Intel® VTune™ Amplifier XE and Intel® VTune™ Amplifier for Systems Help
If you had collected data on an application taking less than a second to run on an Intel® architecture host processor and then tried the same workload on the attached Intel Xeon Phi™ coprocessor, the performance statistics could be distorted. For example, on the host using a recent Intel Xeon® architecture, the sample result for General Exploration analysis looks like this:
But trying the same workload on one of the attached coprocessors reveals a seriously deteriorated view:
General Exploration analysis on different microarchitectures collects different events. To collect many events within a single run, the VTune Amplifier utilizes event multiplexing, where the analyzer periodically changes which events are being collected. If an application does the same things long enough so that the same activities could be sampled using all the events of interest, the VTune Amplifier can generate a complete picture of the application's performance. But if the application runs for such a short duration that there is not enough workload to collect all the events of interest, the results can be misleading. Due to the design decision to maximize core efficiency in the current generation of the Intel Xeon Phi coprocessors, each coprocessor thread only has two PMRs (performance monitoring registers) and it takes 7 runs of an application for the VTune Amplifier to collect all the events needed for its General Exploration analysis. When multiplexing events, the analyzer changes which events are collected every 30 milliseconds or so, which makes it over 200 ms of gap between subsequent collections of any particular pair. Looking at the VTune Amplifier timeline, or using the time command on the coprocessor, you can determine the runtime of a test application at around 1 second. Within this one-second run, each pair of events may only get collected through 4 sections out of 34 (34 x 30 ms = 1 sec or so there is only a limited number of slots).

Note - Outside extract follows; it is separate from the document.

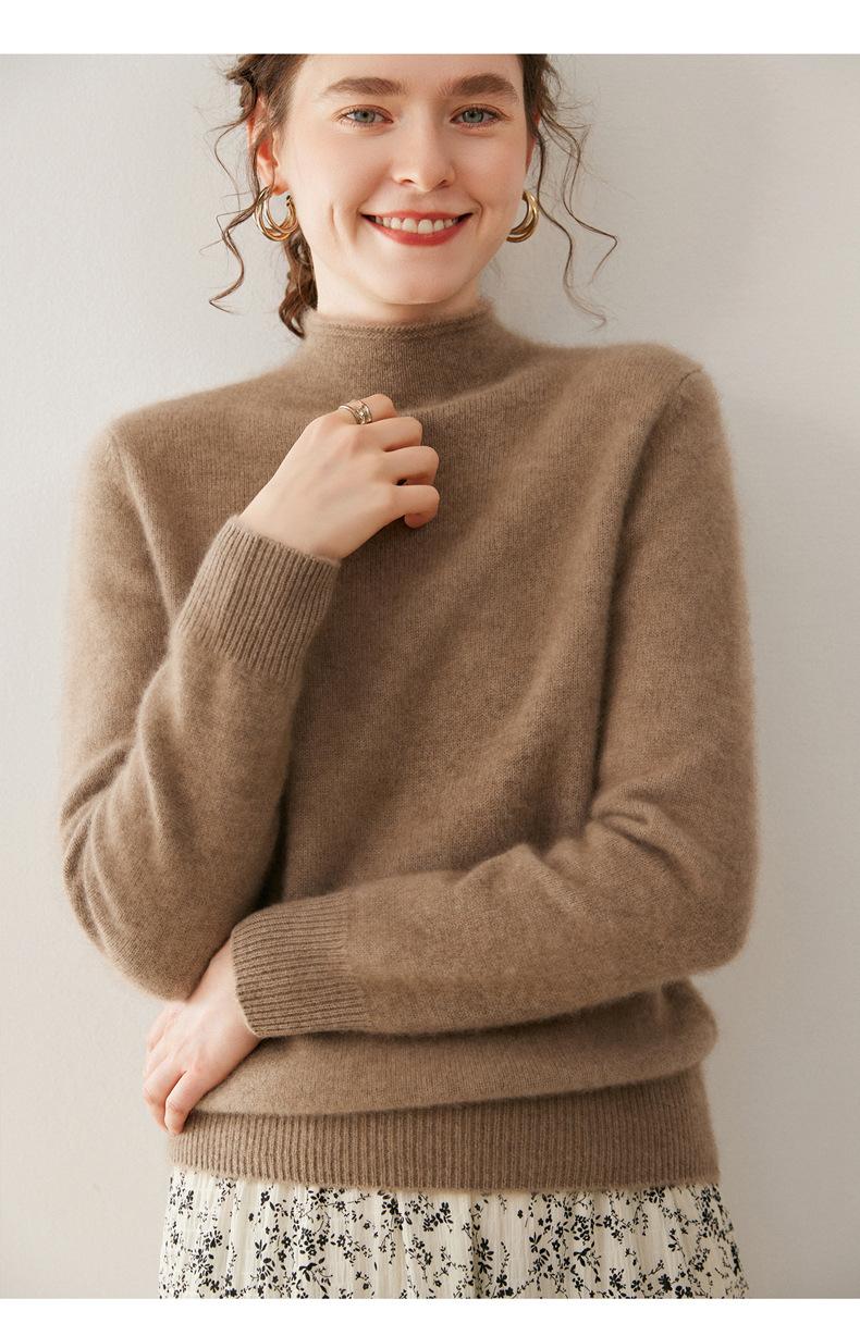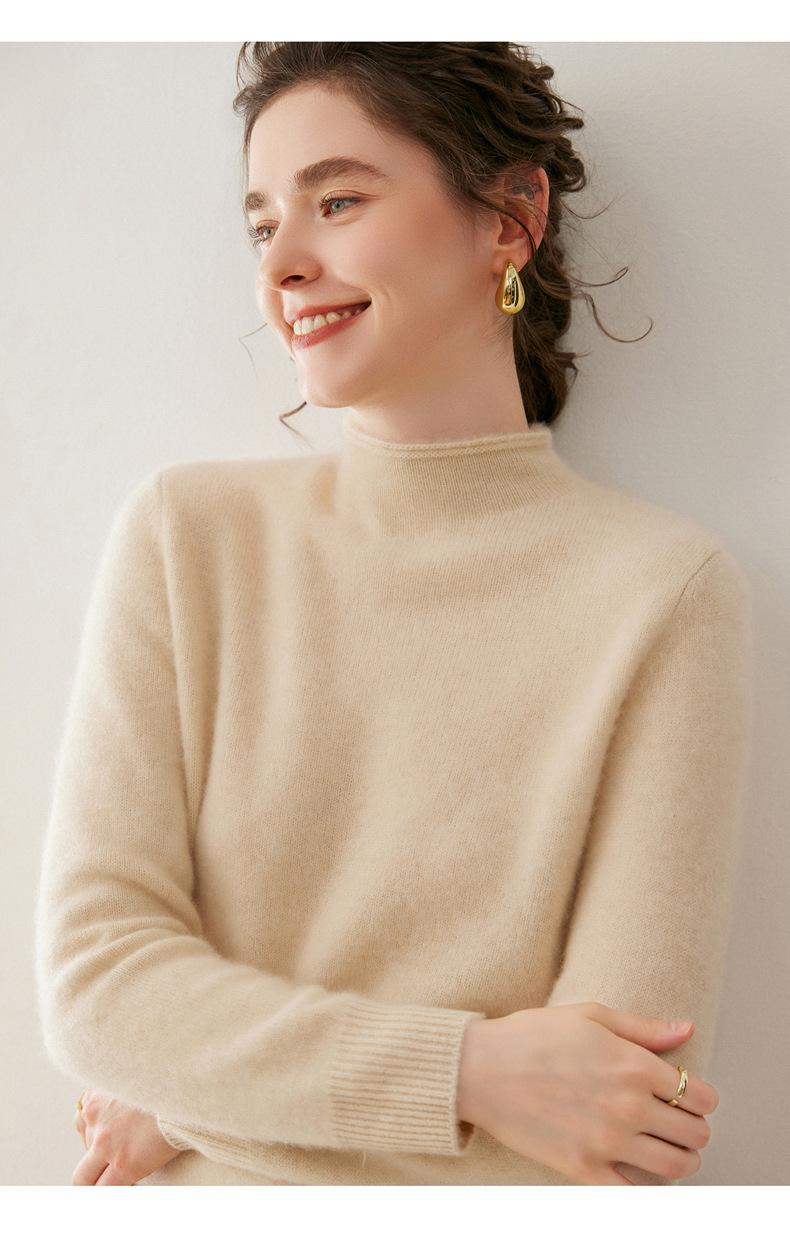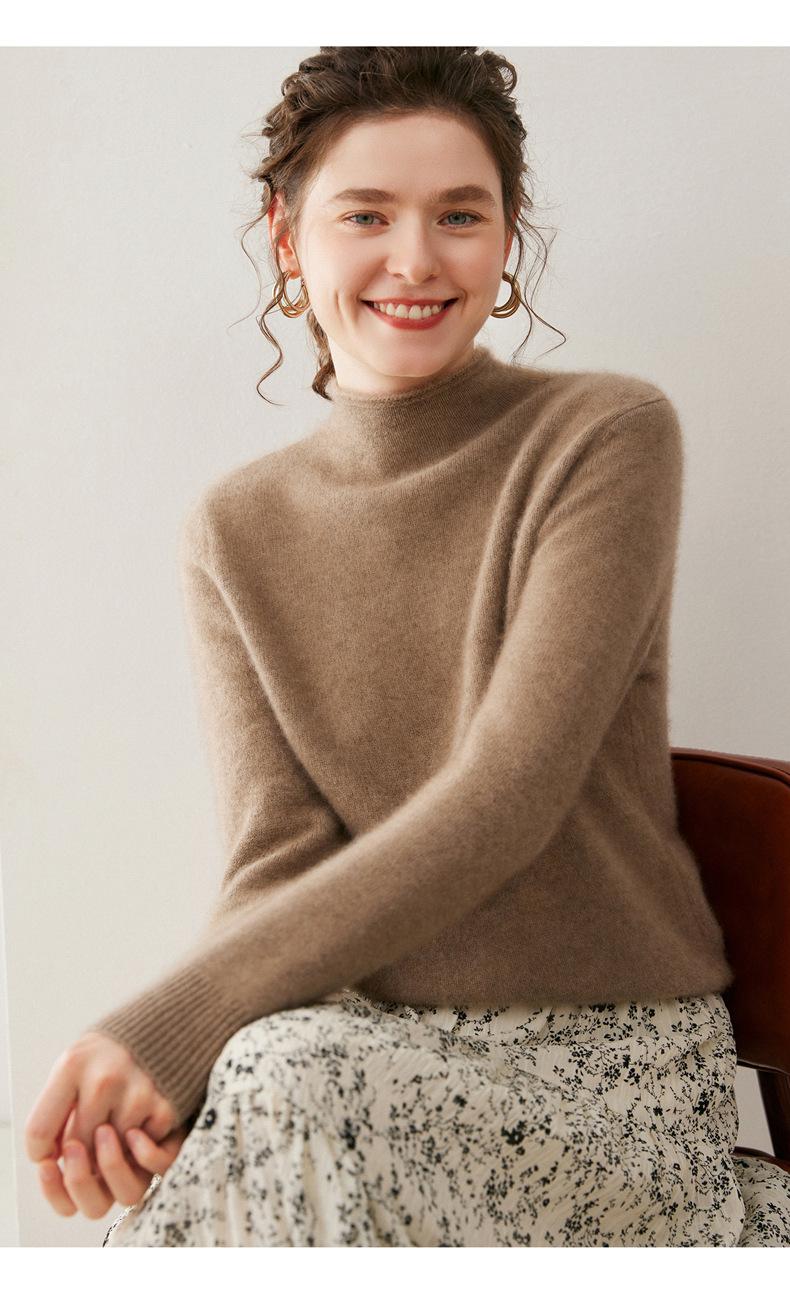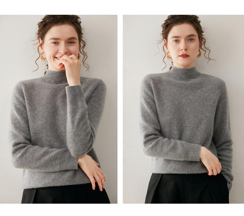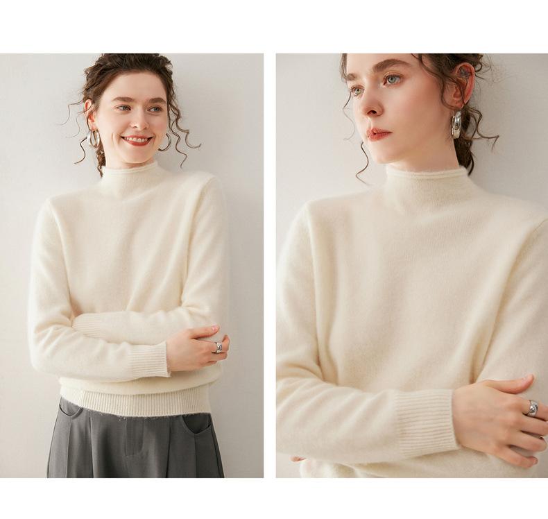 Nuevo Suéter de Cachemira para Mujer de Otoño e Invierno Espesado Cuello Alto Enrollado Medio Suéter Casual Holgado Talla Grande Camisa Base Tejida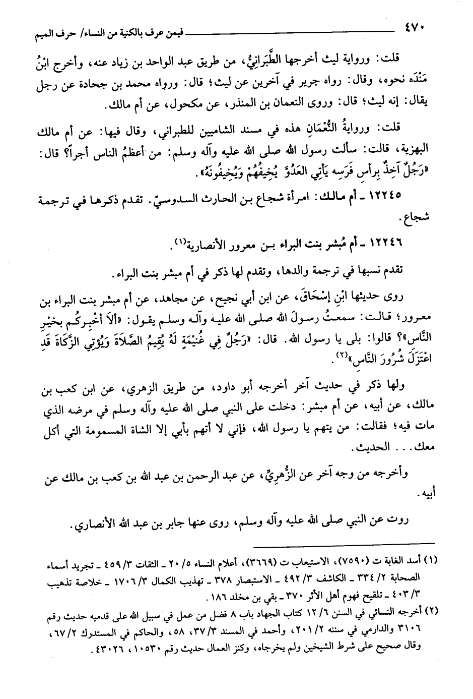 (١) أسد الغابة ت (٧٥٩٠) ، الاستيعاب ت (٣٦٦٩) ، أعلام النساء ٥/ ٢٠- الثقات ٣/ ٤٥٩- تجريد أسماء، الصحابة ٢/ ٣٣٤- الكاشف ٣/ ٤٩٢- الاستبصار ٧٨/ ٣- تهذيب الكمال ٣/ ١٧٠٦- خلاصة تذهيب ٣/ ٤٠٣- تلقيح فهوم أهل الأثر ٣٧٠- بقي بن مخلد ١٨٦.

To improve data quality, you can either increase the sampling rate, or disable event multiplexing at all. For this, In the Advanced section of the Analysis Target tab configure the following options:
Duration time estimate option: Modify to make the VTune Amplifier adjust a multiplier for the Sample After Value (SAV) used for regulating event-based sampling on the Intel processors. By default, the duration estimate is set to Between 1 and 15 minutes. To set up the duration from command line, use the -target-duration-type=short option.
Allow multiple runs (or -allow-multiple-runs) option: Select to turn off multiplexing between multiple sets of events. This option requires an ability to rerun the application. Setting this checkbox and counting the number of times the application announced itself in stdout helped identify that the General Exploration analysis on the Intel Xeon Phi coprocessor requires 7 sets of PMU settings to sample all the events over the entire duration of the application (you can also see the repeated runs in the VTune Amplifier Timeline pane). As long as the application executes the same way each time, there is a chance that the correlation between events collected on separate runs will be close enough to reality to be useful.
Examples below show how the quality of the data improves when you both vary between the two shortest sampling intervals and turn off the event multiplexing (MUX):
This is a summary of 4 runs with each one using event multiplexing to collect General Exploration events. The runs on the left use the default "short" interval and runs on the right use a "very short" interval. You see that the shorter sampling interval increases the chances of seeing data, but some of the statistics could be unreliable: estimated latency impact requires four events to compute, at least two separate multiplexer combinations that may not even have been collected in adjacent blocks of execution. So, while reducing the sampling interval at least produced something other than zeroes, this data may be still unreliable.
Turning off the event multiplexing increases data volume by executing multiple runs, collecting event samples spanning the entire run rather than brief intervals across it:
You can see that even choosing the "short" sampling interval, more fields in the summary are non-zero than in the MUX-instrumented runs. But even here you see the effects of the sampling interval: there is no much difference with the Clockticks and Instructions Retired count since these high frequency events do not suffer as much from the longer sampling interval and their values, as well as the CPI rate that is derived from them, are indistinguishable by eye. But this is not true for the cache miss events, for both L1 and L2_DATA. You see that the event counts on the right are significantly larger than those on the left, which looks like under-sampling. The improved sampling was enough to bring the latency impact estimates down by a factor of 4, though they still seem too high to be believable.
For the four variants for collection above, the multi-run collection with the "very short" sampling interval seems to produce the best data. If you need to analyze such a small workload, consider avoiding the default settings and select the tightest resolution you can to avoid as much as possible the chance of aliasing in your data collection.
Generally, if you plan to tune the performance of your application on the Intel Xeon Phi coprocessor, make sure your workload is big enough and parallel enough to be measurable on the platform where the work is divided between 240 or more hardware threads.